■ WORK INSTRUCTIONS
Only the lines from the first line of the data through the line containing "Medicube Deep Vita" belong in the answer, transcribed exactly; pictures do not.

■ DATA SEGMENT
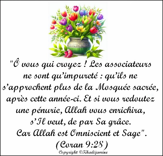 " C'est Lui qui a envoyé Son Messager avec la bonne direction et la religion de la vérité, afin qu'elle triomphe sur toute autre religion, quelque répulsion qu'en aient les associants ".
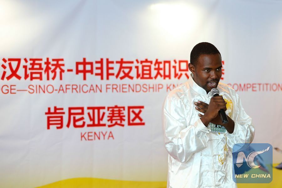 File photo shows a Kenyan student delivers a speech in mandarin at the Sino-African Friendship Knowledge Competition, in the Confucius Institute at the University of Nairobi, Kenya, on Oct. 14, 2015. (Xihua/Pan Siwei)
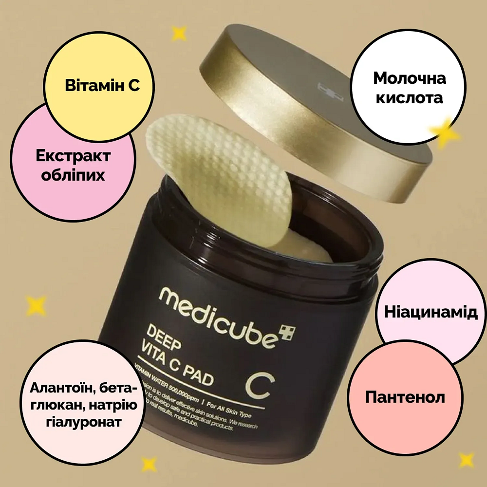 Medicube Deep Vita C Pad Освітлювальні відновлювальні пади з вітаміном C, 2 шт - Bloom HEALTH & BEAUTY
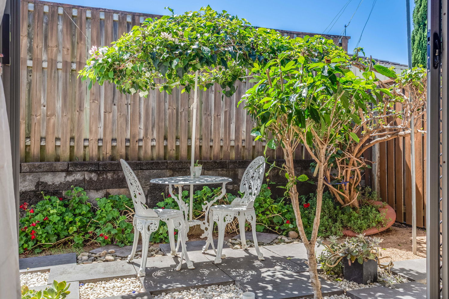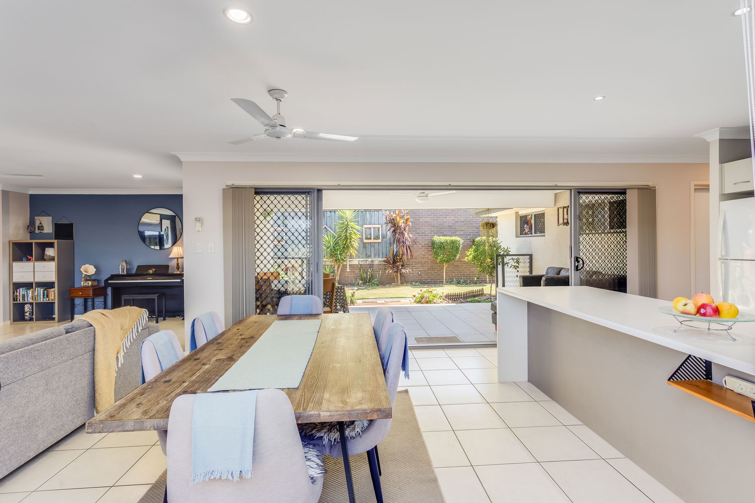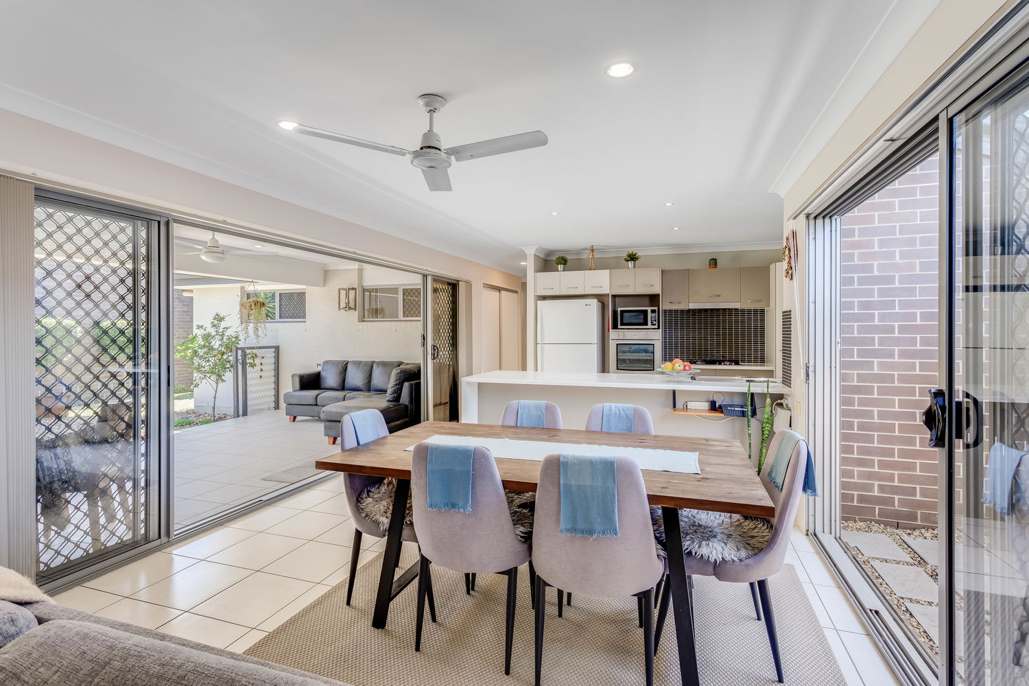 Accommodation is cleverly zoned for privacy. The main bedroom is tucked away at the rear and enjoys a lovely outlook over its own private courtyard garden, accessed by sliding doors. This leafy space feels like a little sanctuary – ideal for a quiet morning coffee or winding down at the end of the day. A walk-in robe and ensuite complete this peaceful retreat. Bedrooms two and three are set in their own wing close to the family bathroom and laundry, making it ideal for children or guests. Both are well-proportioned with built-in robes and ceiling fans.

■ TASK ANSWER
 " C'est Lui qui a envoyé Son Messager avec la bonne direction et la religion de la vérité, afin qu'elle triomphe sur toute autre religion, quelque répulsion qu'en aient les associants ".
 File photo shows a Kenyan student delivers a speech in mandarin at the Sino-African Friendship Knowledge Competition, in the Confucius Institute at the University of Nairobi, Kenya, on Oct. 14, 2015. (Xihua/Pan Siwei)
 Medicube Deep Vita C Pad Освітлювальні відновлювальні пади з вітаміном C, 2 шт - Bloom HEALTH & BEAUTY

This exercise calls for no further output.